Tuesday, 14 June 2011
Ford Comuta electric 1967
Legislators in California and their eager apostles in Westminster and Brussels cannot reverse a tide of events by passing a law. Los Angeles tackled photo-chemical smog by regulation and now nothing turns politicians’ heads so much, especially on America’s West Coast, by proposing (according to Automotive News and the Wall Street Journal) new rules that 5.5 per cent of cars must be zero emission by 2018.
They have said all this before. The accompanying Sunday Times column of 17 November 1991 said California was insisting on seven cars out of ten being battery powered by 2010. Legislators have had to back-track several times. Demanding 1.7 million electric cars by 2000 proved absurd. Even now there are only some 5,000 on the roads of the Sunshine State.

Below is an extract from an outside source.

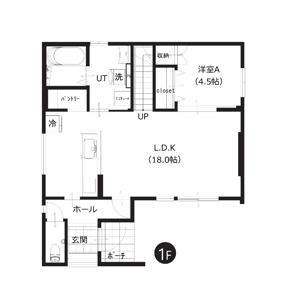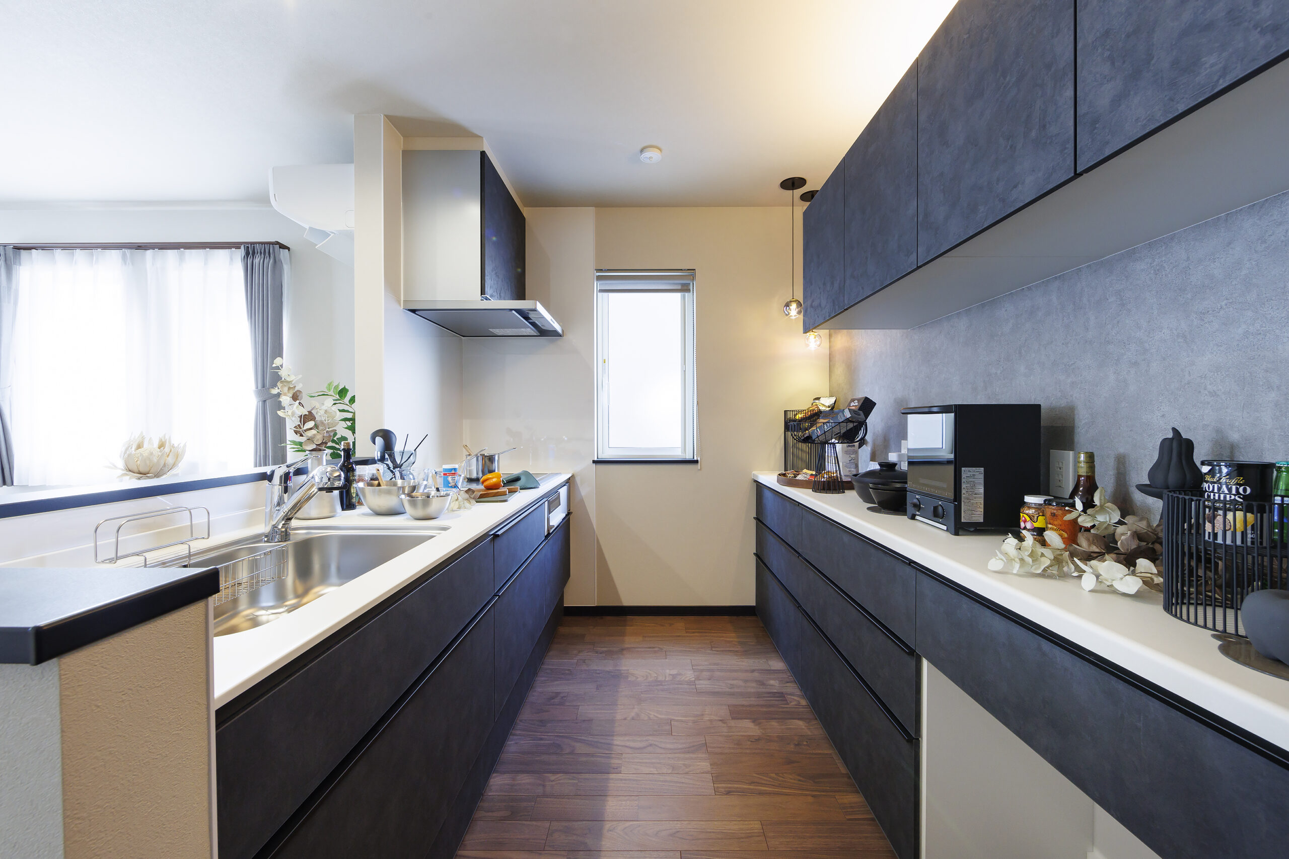 黒を基調としたスタイリッシュなキッチンを採用。腰壁で手元をさりげなく隠しながら作業でき、いつでもすっきりとした印象です。背面には幅2.7mの大容量食器棚を備え、見た目の美しさと使いやすさを両立できます。

Ford Comuta chassis (batteries not included)
We are still not much better at storing electricity than Camille Jenatzy was in 1899 and Jacques Calvet’s plea for on-street battery charging remains as piously optimistic now as it was in 1991. And as Ben Webster the Environment Editor of The Times pointed out last week, the Low Carbon Vehicle Partnership has admitted that electric cars could produce higher emissions over their lifetimes than petrol equivalents owing to the energy consumed in making batteries. An electric car would have to drive at least 80,000 miles before producing a saving in CO2. Many will not travel that far in their lifetime because they typically have a range of less than 90 miles and are unsuitable for long trips.
Even those driven 100,000 miles would save only about a tonne of CO2. Emissions made by manufacture, driving and disposal of electric cars, does nothing for tackling doom-laden environmentalists’ belief in climate change. The government Committee on Climate Change has called for them to be increased from a few hundred to 1.7 million by 2020. The Department for Transport is spending £43 million over the next year giving up to 8,600 buyers of electric cars a grant from taxpayers of £5,000.
Sounds like California. Perhaps the environment lobby will shut up and Our Leaders will back-track. Let practicalities prevail.
Sunday Times: Motoring, Eric Dymock 17 November 1991
Stand by for the charge of the battery brigade
The Californian legislation that obliges car manufacturers to offer electric alternatives is spreading. Nine other US states have announced they will follow California's lead, and with three more thinking about it, the electric car now seems likely to become big business.
This week Citroën announced the promising battery-powered Citela in Paris, and the Worthing-based International Automotive Design (IAD) launched in Los Angeles the production version of the car it revealed at the Frankfurt motor show in September. Its LA 301 has a tiny petrol engine providing the energy for a 32 kw (43 bhp) electric motor.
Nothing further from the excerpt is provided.